# Seaview finished at last photos posted



## kidcury (Jun 26, 2008)

At last i figured out how to post some photos of my finished Seaview on this board, i gave my Seaview some weathering as i dont like my models to look brand new, i guess i got it from watching all those Gerry Anderson shows where all the models look very realistic and have that well used look. my Seaview is not as good as some on this board, but its the best i can do with spray cans and hand painting. I do prefer to buy ready made models when what im interested in is available. I am however looking foreward to the flying sub model. Kidcurry


----------



## jbond (Aug 29, 2002)

Looks fine to me!! Very subtle weathering--I'll be trying something similar when I finally get rolling on mine.


----------



## toyroy (Jul 17, 2005)

Wow-I don't see _any_ seams.
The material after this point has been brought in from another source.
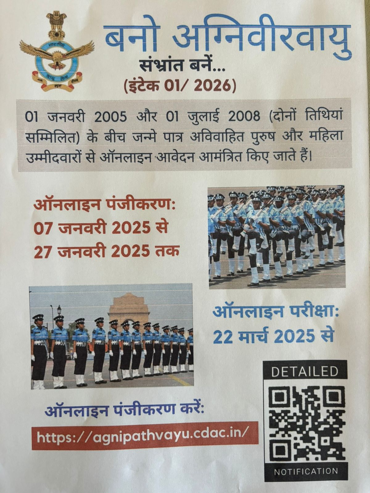 युवाओं के लिए सुनहरा मौका,भारतीय वायु सेना अग्निपथ योजना के अन्तर्गत अग्निवीर वायु भर्ती के लिए आवेदक 27 जनवरी कर सकते हैं आवेदन

The paint is great, too! Pretty masterful.:thumbsup:


----------



## xsavoie (Jun 29, 1999)

Now that is a fantastic paint job.The fancy couch as a background really doesn't hurt either.:thumbsup:


----------



## X15-A2 (Jan 21, 2004)

No need for apologies, your model looks beautiful. Thanks for sharing it with us.


----------



## bert model maker (Feb 19, 2002)

Looks great Kid ! 
H. Heyes


----------



## falcon49xxxx (Aug 4, 2008)

Very nicely done.


----------



## John P (Sep 1, 1999)

:thumbsup:


----------



## kidcury (Jun 26, 2008)

Thanks guys, The photos make it look better than it realy is, somtimes photos can show every little flaw or in my case the camera has been kind. kid cury


----------



## StarshipClass (Aug 13, 2003)

Great looking build up! The paint job looks just right. :thumbsup:

Please post more pics. I think we can learn a lot from your build.


----------



## kidcury (Jun 26, 2008)

I will post some more as soon as i can. Kidcury


----------



## bert model maker (Feb 19, 2002)

can't wait to see them Kid !


----------



## otto (Jan 1, 1970)

Looks great! I'm going to try to do something like that with my base.


----------